What is not the goal (at least not in this repo):

  • Decompilation into some high level language like C or C++.
  • Other instruction set architectures support like MIPS, x86, amd64, ARM, PowerPC and so on.

Current state

Features

  • All M68000 instructions supported
  • It generates GNU AS compatible listing, that may be translated back to machine code using m68k-none-elf-as in the way that it matches original binary file, no matter what.
  • It generates labels for all jump instructions (JSR, JMP, BRA, Bcc and DBcc) if jump location is inside the code being disassembled. This feature can be enabled with -flabels, -frel-labels and -fabs-labels options, all at once. It also generates labels for some data accessing instructions (namely: NBCD, PEA, LEA, CMP, SUB, ADD, MOVEM and MOVE) and this behavior enabled with the same options as per jump instructions. It is possible to implement this for all of the rest instructions, but it just has to be done if someone needs it.
  • Traced disassembling - you can provide a PC trace table file with option --pc-trace=file to disassemble only what is supposed to be instructions and leave all the rest as raw data. Otherwise it will try to disassemble everything.

Limitations

  • Motorola 68000 only supported. That means no 68010 support or any 680x0, except 68000. No ColdFire support.
  • Code must be aligned to 2 bytes boundary. All PC trace values have to be dividable by 2 without remaining. That limitation has been put into design from the beginning, because 68000 cannot perform unaligned word and long memory access, including instruction fetch. This is not true for some of 680x0 variations.
  • Base address is always assumed to be 0x00000000.
  • Maximum binary size is 4MiB.
  • Labels for locations outside of the code being disassembled are not generated, they remain as raw address arguments and/or PC-relative offset arguments.

Meta

Authors:

This is free and unencumbered software released into the public domain. See UNLICENSE for more information.

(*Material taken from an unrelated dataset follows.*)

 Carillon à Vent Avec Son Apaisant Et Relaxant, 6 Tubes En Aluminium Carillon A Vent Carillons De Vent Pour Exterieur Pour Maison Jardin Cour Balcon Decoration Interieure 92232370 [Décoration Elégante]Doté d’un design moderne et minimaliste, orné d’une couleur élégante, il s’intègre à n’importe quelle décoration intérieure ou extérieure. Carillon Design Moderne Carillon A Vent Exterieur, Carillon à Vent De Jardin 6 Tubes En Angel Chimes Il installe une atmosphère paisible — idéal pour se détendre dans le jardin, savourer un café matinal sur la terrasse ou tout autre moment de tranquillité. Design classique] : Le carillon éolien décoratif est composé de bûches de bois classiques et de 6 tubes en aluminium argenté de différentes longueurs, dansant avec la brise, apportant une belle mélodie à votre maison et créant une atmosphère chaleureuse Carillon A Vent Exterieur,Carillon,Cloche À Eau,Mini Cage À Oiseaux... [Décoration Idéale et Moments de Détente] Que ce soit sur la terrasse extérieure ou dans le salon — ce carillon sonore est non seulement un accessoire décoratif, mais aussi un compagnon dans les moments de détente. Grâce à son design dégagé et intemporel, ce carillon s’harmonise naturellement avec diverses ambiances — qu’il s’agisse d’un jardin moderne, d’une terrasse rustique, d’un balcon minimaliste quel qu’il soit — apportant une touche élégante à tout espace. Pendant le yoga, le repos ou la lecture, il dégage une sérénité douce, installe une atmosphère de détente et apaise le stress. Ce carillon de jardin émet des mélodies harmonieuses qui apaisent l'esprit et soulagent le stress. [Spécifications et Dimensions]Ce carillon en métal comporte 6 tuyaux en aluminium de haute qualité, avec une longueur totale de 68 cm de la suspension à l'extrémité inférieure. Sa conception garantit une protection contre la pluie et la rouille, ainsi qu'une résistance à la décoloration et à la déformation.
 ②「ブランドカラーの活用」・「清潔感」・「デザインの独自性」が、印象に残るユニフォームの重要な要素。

This repository includes source code of other projects:

Resources used to implement the disassembler (this set is more than sufficient to support all of M68000 instructions):

Contributing

I will eventually put this repo on GitHub, I guess. You can create issues and pull requests there. You can email me directly to ask a question, send a patch or discuss problems if you prefer this over GitHub.

I decided to go without code formatting standard for now. Just be nice to not mix up spaces with tabs (use spaces everywhere) if you are sending patch or pull request and that's it.

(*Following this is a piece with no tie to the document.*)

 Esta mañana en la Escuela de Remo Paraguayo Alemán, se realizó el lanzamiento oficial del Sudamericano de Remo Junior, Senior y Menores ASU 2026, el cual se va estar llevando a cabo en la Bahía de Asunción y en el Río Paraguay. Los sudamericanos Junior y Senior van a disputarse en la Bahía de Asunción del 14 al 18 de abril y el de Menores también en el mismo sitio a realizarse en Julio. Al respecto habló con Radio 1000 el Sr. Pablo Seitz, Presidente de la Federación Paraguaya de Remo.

C++ STL is not welcomed here. Almost every STL header (besides C standard library wrappers like cstring or cstdio) increases compilation times significantly. This disassembler is used to be developed on Celeron N4000 machine with eMMC memory instead of SSD and it is very sensitive to STL bullshit increasing compile times. Please, make sure you don't use any compile time heavy headers. If you really need something like hashmap or RB-tree, then bring some tiny MIT/BSD/Unlicense library from somewhere or write it yourself.

Run tests when the work is done to make sure you didn't break anything.